Industrial Applications
In heavy industries, oil circuit breakers are used to protect large motors and high-voltage equipment from damage due to electrical faults. Their robust design makes them suitable for environments with high power demands.
High Voltage Applications
Oil circuit breakers are particularly effective in high-voltage applications, where large currents need to be interrupted. When the contacts separate under high voltage, the arc formed is intense, but the oil quickly cools the arc and suppresses it. This capability makes OCB suitable for transmission lines, transformers, and substations
Comparison of Oil Circuit Breakers with Other Circuit Breakers
Oil Circuit Breakers vs. SF6 Circuit Breakers
SF6 circuit breakers use sulfur hexafluoride gas for arc quenching, offering better insulation properties, smaller sizes, and lower maintenance requirements than oil circuit breakers.
Oil Circuit Breakers vs. Vacuum Circuit Breakers
Vacuum circuit breakers rely on vacuum as the medium for arc extinction, making them more compact and requiring less maintenance than oil circuit breakers. However, oil circuit breakers are still preferred in certain high-voltage applications.
Maintenance of Oil Circuit Breakers
Oil Quality Testing and Replacement
Regular oil quality testing is crucial for maintaining the performance of oil circuit breakers. Over time, the oil degrades due to arcing and needs to be filtered or replaced to ensure it maintains its insulating properties. The DGA test should be carried out to ensure oil healthiness.
Contact Inspection and Replacement
The contacts in an oil circuit breaker wear out over time due to repeated arcing.
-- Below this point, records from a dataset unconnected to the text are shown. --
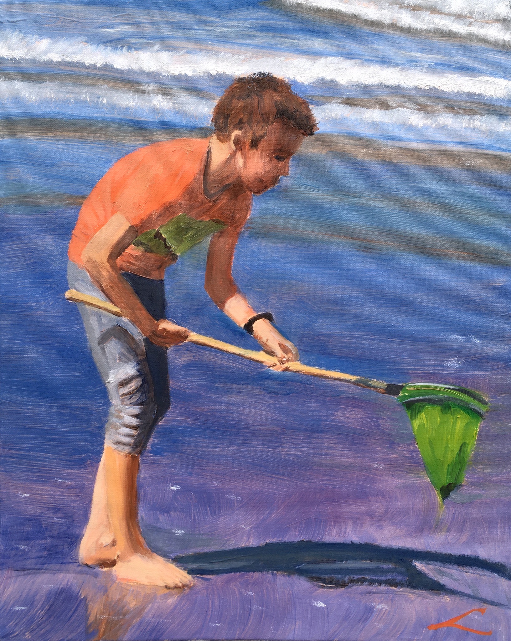 Jongen met een visnet aan zee, geschilderd met olieverf op doek.
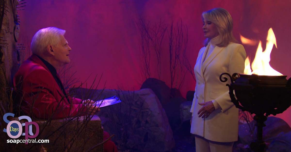 In the shape of Doug Williams, the devil sat in his throne room and made Marlena an offer. "If I agree to spend all of eternity by your side in hell, then you agree to let Kate and Kayla out of their contracts?" Marlena asked. "You will be saving their immortal souls," devil Doug said. Devil Doug asked Marlena if they had a deal. Marlena argued that there had to be another option. With a shrug, the devil said that either Marlena went to hell, or all three women would go there.
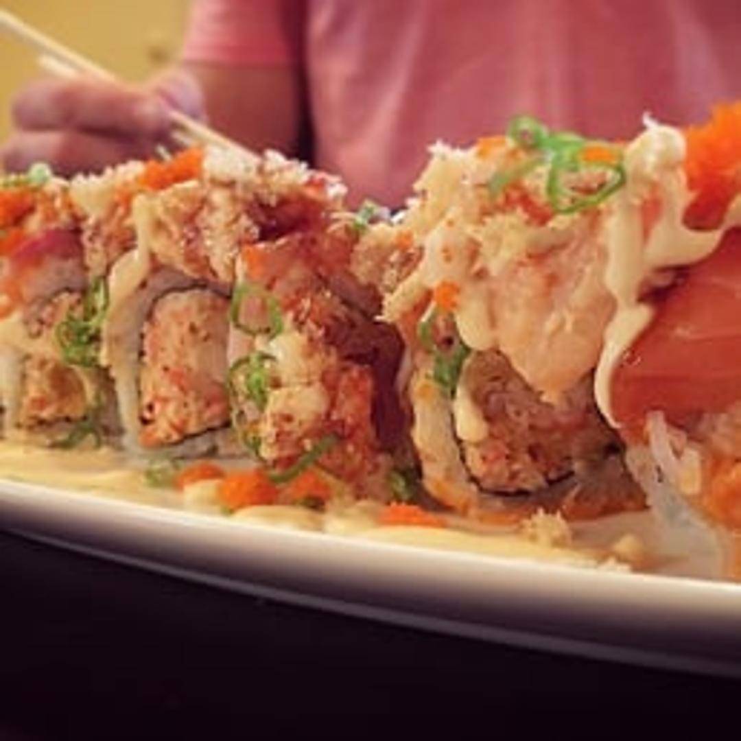 A sushi roll with a sweet and savory flavor profile. Ingredients typically include shrimp tempura, crab mix, avocado, and cucumber. It is topped with a honey-based sauce or glaze to provide a sweet finish.
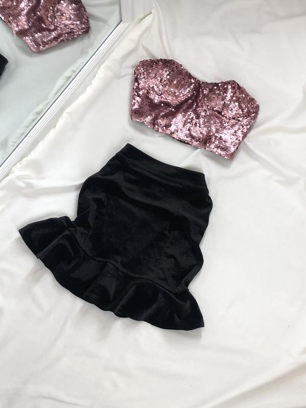 📌В посте две вещи📌 🏷 269грн Мега крутой топ в пайетки😻 В идеальном состоянии❗️ Размер указан М, больше С(на грудь 1,5-2 размера) 🏷 299грн Стильная велюровая юбочка🖤 В идеальном состоянии❗️ Размер Хс, небольшой С По деталям в дырект💌
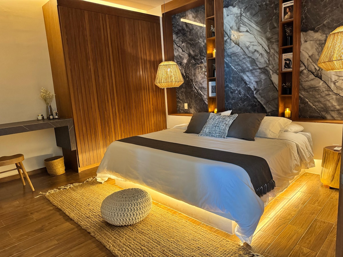 @thestrelitziaproject 🏆 The highest rated Airbnb in Playa ⭐️ Fully en-suite smart studio room with kitchenette within a private home valued at $1m+ Wake up in a memory foam bed to views of a stunning natural cenote and infinity pool with your own private outdoor breakfast bar & terrace, 4K TV, Netflix included, Alexa-controlled lighting, iPad controls, Starlink WiFi, motorized blackout blinds, kitchenette, and more. We also offer car rental! Ask about potential construction before booking!
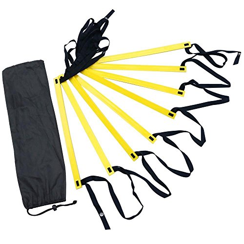 -. Feature : 100% brand new agility ladder for soccer football training / Improve coordination and speed by practicing foot work / Adjustable 8 flat-rung meets various needs / Thick and dense nylon with snap button at the ends for joining / Material: PP and Nylon
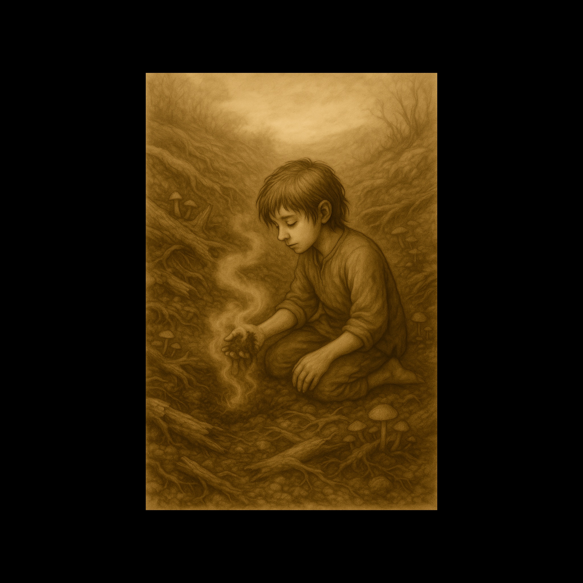 slow, slow string layers, tone, earthy and spacious, ambient, gentle, crackling fire sounds, gentle pulsing, soft, soft drones, melancholic tone, instrumental, emotional
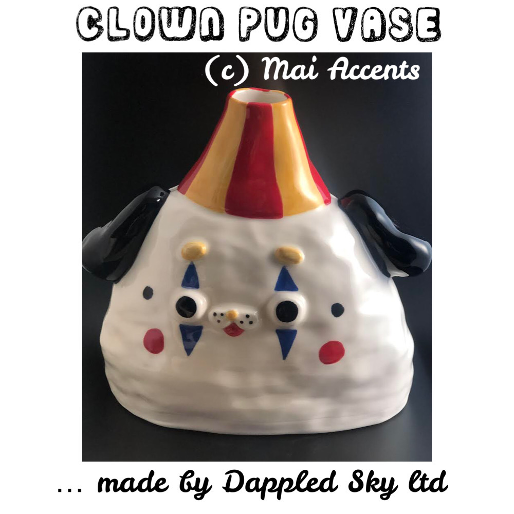 Items specifically made for Mai Accents included the ‘Circus Pug’ vase, the ‘Clown Pug’ vase. We aso made the red and brown ‘Fungo’ teapots, the ‘Tsuika’ plant pots, and the small speckled white ‘Nami’ vase.
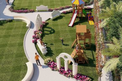 A lush green park with walking tracks, play areas, and peaceful seating spaces for relaxation, fitness, and family time.

Routine inspection and replacement of contacts are necessary to ensure that the breaker operates reliably and safely.
Conclusion
Summary of Oil Circuit Breakers
Oil circuit breakers remain an important tool for ensuring the safety and stability of electrical systems. Their construction and working principles allow them to handle high-voltage faults effectively, making them valuable in various industrial and utility applications.
Future of Oil Circuit Breakers
While alternative technologies like SF6 and vacuum circuit breakers are gaining popularity, oil circuit breakers continue to be relevant in many high-voltage and high-power applications due to their proven performance and reliability.